Who is this book for?
Candidly, the book is for myself. As crazy as that sounds, it’s when I first started out to write it, I really wanted to write it under the lessons I believe in and that compass when it comes to entrepreneurship, as almost a daily reminder, right, like your North Star. But coincidental, there is thousands of entrepreneurs that I knew would appreciate something like this. In fact, it’s what I do for a living, right? I teach these principles, so although somewhat egotistically and somewhat selfishly I wrote it for myself, I coincidentally and purposely wrote it to help as many people as possible, too. But I don’t want to mislead. It really is something where I needed something to remind myself why I love what I do, what I’ve learned over 10 years of what I do, essentially a reminder when things are stressful, things are tough, when you hit the bumps in the road, but it’s for any entrepreneur in their entrepreneurial journey.
What is the big idea behind the book?
Long story short, in 2013 I nearly killed my company and bankrupt myself, and it was because I was a wantrepreneur and not an entrepreneur. This book was written under the understanding of what’s the difference between an entrepreneur and a wantrepreneur at its surface, but it was also meant to be a practical guide on what makes a great entrepreneur. And basically I defined eight key fundamentals of a framework in the book, that when you gauge yourself off of it and you look at yourself upon each of those pieces in the framework, that’s how you’ll become a successful entrepreneur and how you’ll stick to the game long-term.
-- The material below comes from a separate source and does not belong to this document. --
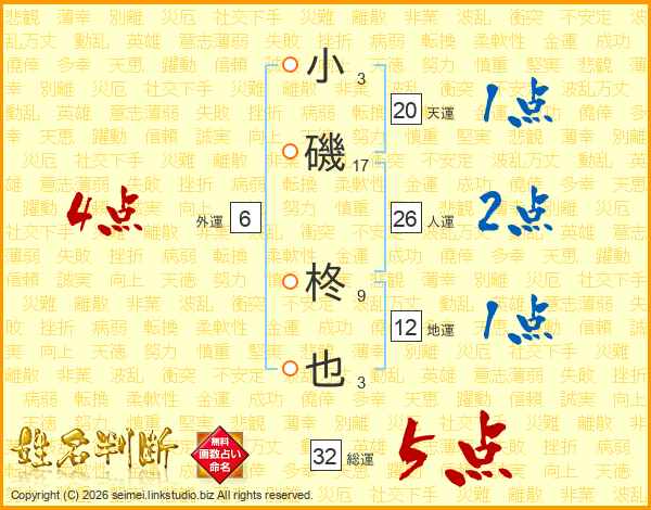 生活面を象徴する運勢です。外部から受ける影響力を表し、結婚運、家庭運や職場、環境への順応性を表します。総運から人運を引いた画数。姓や名が1文字の場合を除く。

And one thing I would add is this isn’t a book I wrote on how to properly file your tax returns or make money or die or any of the normal business cliché and things you read in business books. Even though it’s a business book, it’s written more from a philosophical layer, it was a very stoic layer, because that’s the piece that I feel is not talked about enough in entrepreneurship, and the difference between a great entrepreneur and a wantrepreneur, hands down.
The 8 step framework
I break down the framework into eight pieces:
- Short-term thinking
- Long-term thinking
Even when you write your own book, sometimes things jump in, right? It breaks down each of those eight, and basically the idea is how can you rate yourself between a zero to 100 on how you’re doing on each of those individual skill sets. So, like, how you doing from an empathy perspective when running your business? How’s your leadership style when it comes to running your business? Are you thinking too much about the short term, or not enough? Too much about the long term, not enough? How are you gauging your business and economics, understanding economic cycles? How are you dealing with operations? How are you monitoring the health vitals of your company? It’s your purpose, right? Not your passion. What’s your purpose? What literally will make you keep working, even if you feel burned out, and frustrated, and upset, and angry, and stressed out, and everything in between?
And then self-awareness, probably the most key aspect of it. You can’t do any of this without being self-aware. You can’t actually gauge yourself without being truthful to yourself, right? So throughout the book I break down each of those key dimensions, each a part of that framework.
What will readers learn from the book?
The book is broken into two parts. The first part is basically explaining why you need a framework. It uses my story, it uses examples of what happens when you don’t have a North Star, and then it introduces what the framework is. The second half of the book goes into each fundamental of the framework, giving real lessons, real stories, and then actual practical guides on what to do to better engage yourself. And then at the very end of the book, we actually include a diagram of the framework and how you can actually rate yourself and consistently do that. So it’s actually both. In many ways, it’s almost like two books in one, the how and the why, and that’s kind of how the book was broken down into.
What are the next steps after reading the book?
The cool thing about the book that I’ve been very fortunate to hear from feedback is it gets better when you reread it, and it gets better, or once you read it, it starts feeling more like common sense, and you can just apply it and you can start almost, I hate to use the word subconscious, like this book’s on higher meaning, it’s not that. But a lot of the lessons you learn really are common sense, but we don’t think about it, because we feel like in entrepreneurship, things need to be more complex than you need to be to be successful, which is, a lot of times it’s just the fundamentals as needed. So a lot of times, that beats down the fundamentals so that you just stick to it and it acts as second nature for you.